Abstract 18437: Women and Ischemic Heart Disease: Which Role for Katp Channels?

Abstract

Background: In the last decades, scientists have been studying the pathophysiology of ischemic heart disease (IHD) in women. In fact, as it is well known, in women IHD differs in term of pathogenesis, symptoms and prognosis. Different risk factors and mechanisms of disease may be at work in women. Genetic polymorphisms (SNP) for coronary ion channels may be involved in IHD susceptibility. In particular, the SNP rs5215 for Kir6.2 subunit of ATP-dependent potassium (KATP) channels has been proposed as a protective factor in IHD susceptibility, mostly in women. Aim and methods: To confirm the preliminary encouraging results on the protective role SNP rs5215_GG in IHD susceptibility for women, we enrolled 460 consecutive patients (144 women) with an indication to undergo coronary angiography for suspected ischemic heart disease, performing intracoronary functional tests in patients showing anatomically normal arteries to evaluate coronary microvascular function.
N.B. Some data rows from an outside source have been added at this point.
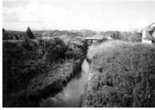
▲河床整備が望まれる山路川

問⑤ 山路川の下流域は小木や小竹や雑草が繁茂しているが、河床整備はどうするのか。 答 現在のところ、竹や雑草の下刈りくらいしか出来ない。計画的な改良を県に訴えている。
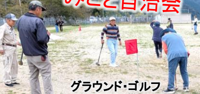
グラウンド・ゴルフ
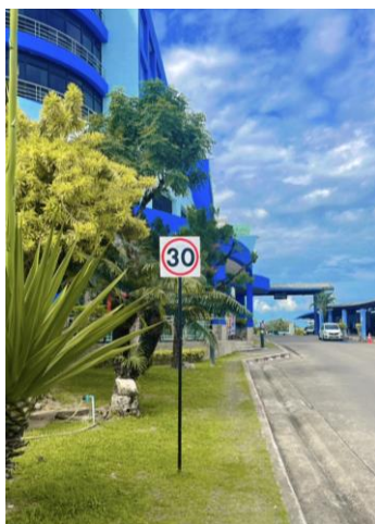
รูปที่ 2-29 ติดตั้งป้ายจำกัดความเร็วของรถไม่เกิน 30 กิโลเมตร/ชั่วโมง
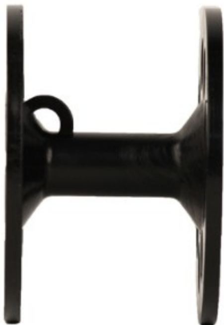
Uchwyt na linkę zapobiega jej utracie
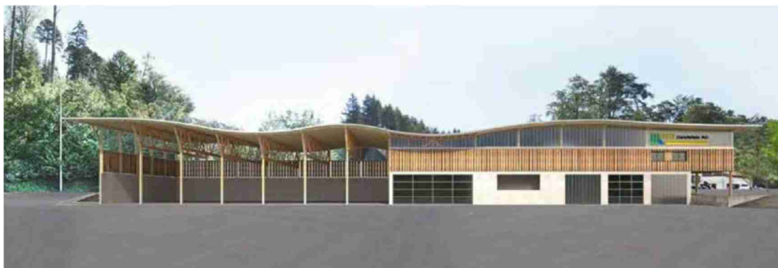
Neues Betriebszentrum der ZHH in Illnau – Realisierung im 2022

Nach 14 Jahren war es wieder soweit: Die ZürichHolz AG erhöhte an der ausserordentlichen Generalversammlung vom 3. Februar 2022 das Aktienkapital um rund CHF 3 Mio. und offeriert qualifizierten Anlegern aus der Schweizer Wald-, Holz- und CO 2 -Wirtschaft eine renditestarke, nachhaltige Anlagemöglichkeit. Auch neue Geschäftsfelder wie die Pflanzenkohle bieten interessante Wachstumsperspektiven.
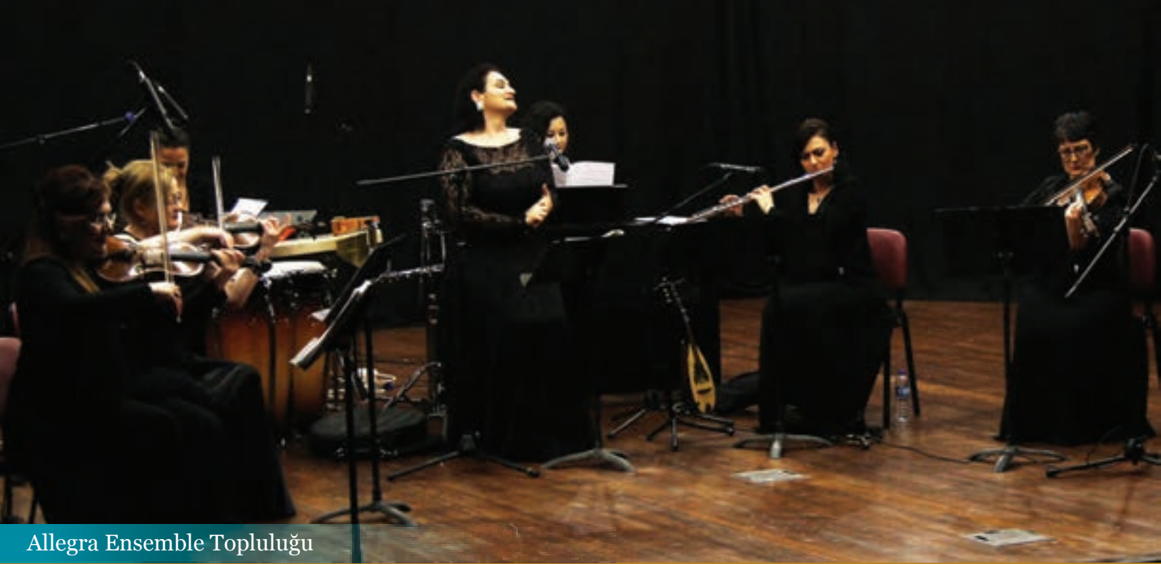
Allegra Ensemble Topluluğu

Kültür ve Turizm Bakanlığı Devlet Opera ve Balesi (DOB) Genel Müdürlüğü tarafından düzenlenen ve Akçaabat Belediyesi'nin de desteklediği 3. Trabzon Opera ve Bale Günleri yapıldı.
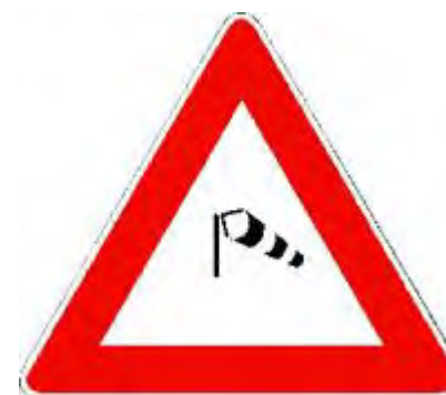
Forte vento laterale
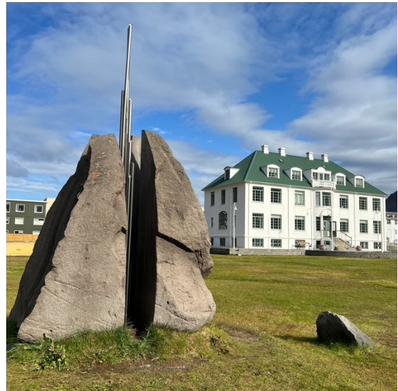
Fundur með Listasafni Ísafjarðar í september.
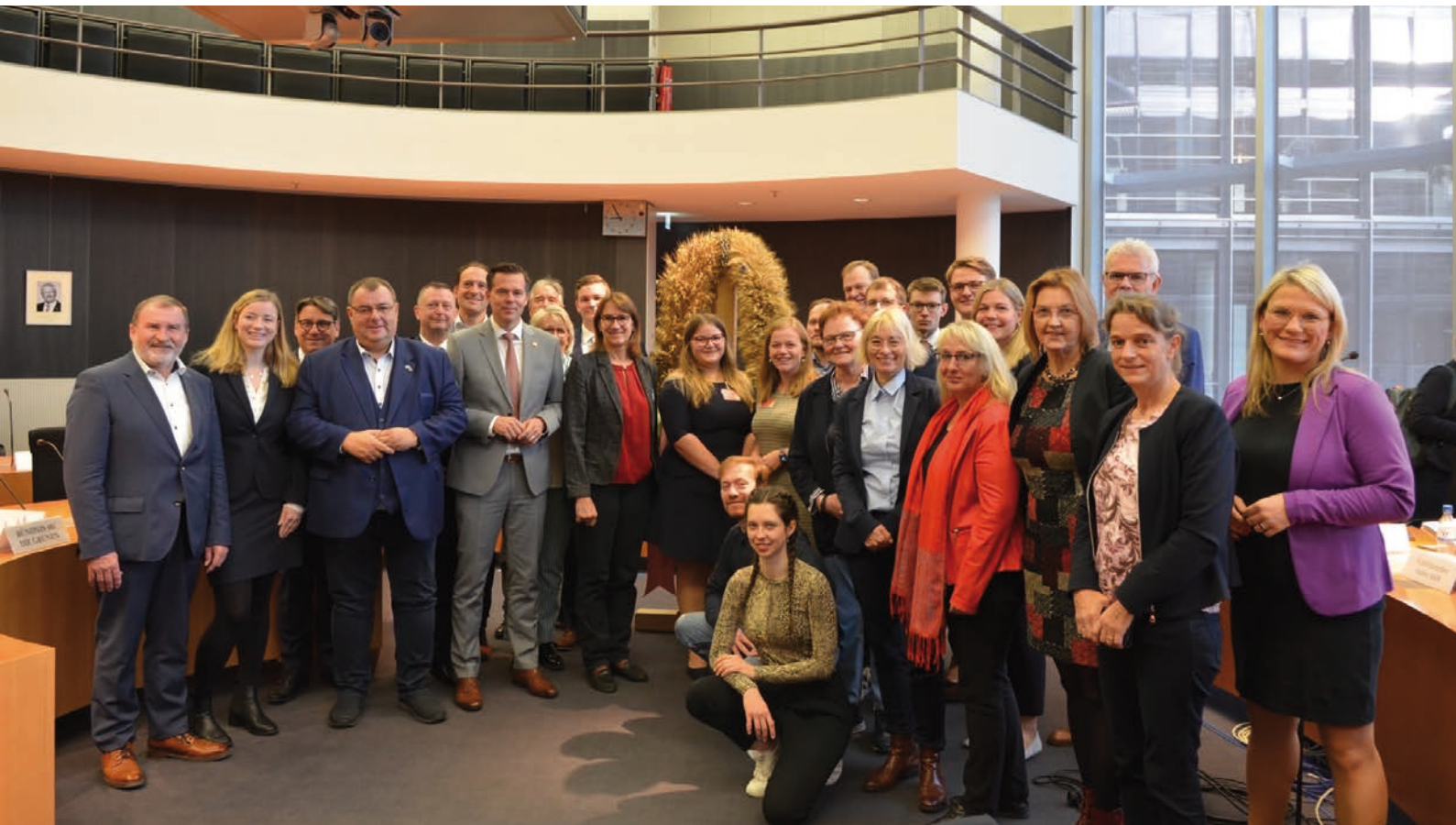
Bild (BDL): Mitglieder der Landjugend und Mitglieder des Bundestagsausschusses.

We analyzed SNPs relative to the Kir6.2 subunit of KATP channels. Results: Among 460 patients, 330 presented with CAD (72 women), 68 with microvascular dysfunction (39 women) and 62 with anatomically and functionally normal coronary arteries (33 women). The SNP rs5215_GG was found to be more frequent in women compared to men (21/144 -14.6%, vs. 36/316 -11.3%; p=0.36). In particular, rs5215_GG was more frequent in ladies with anatomically and functionally normal coronary arteries compared with women presenting CAD (9/33 -27.2% vs. 7/72 -9.7%; p=0.037), whereas there was no difference between men in normal and CAD groups. Discussion and conclusion: Our data validate the hypothesis that rs5215_GG could reduce susceptibility to IHD in women, since it is more frequent in ladies presenting anatomically and functionally normal coronary arteries. The results suggest that KATP channels with rs5215_GG could be protective against IHD. Our data endorse the prospect of associations between SNP encoding coronary ion channels and IHD, validating the idea that ion channels play in coronary homeostasis and that their polymorphisms act in IHD genesis.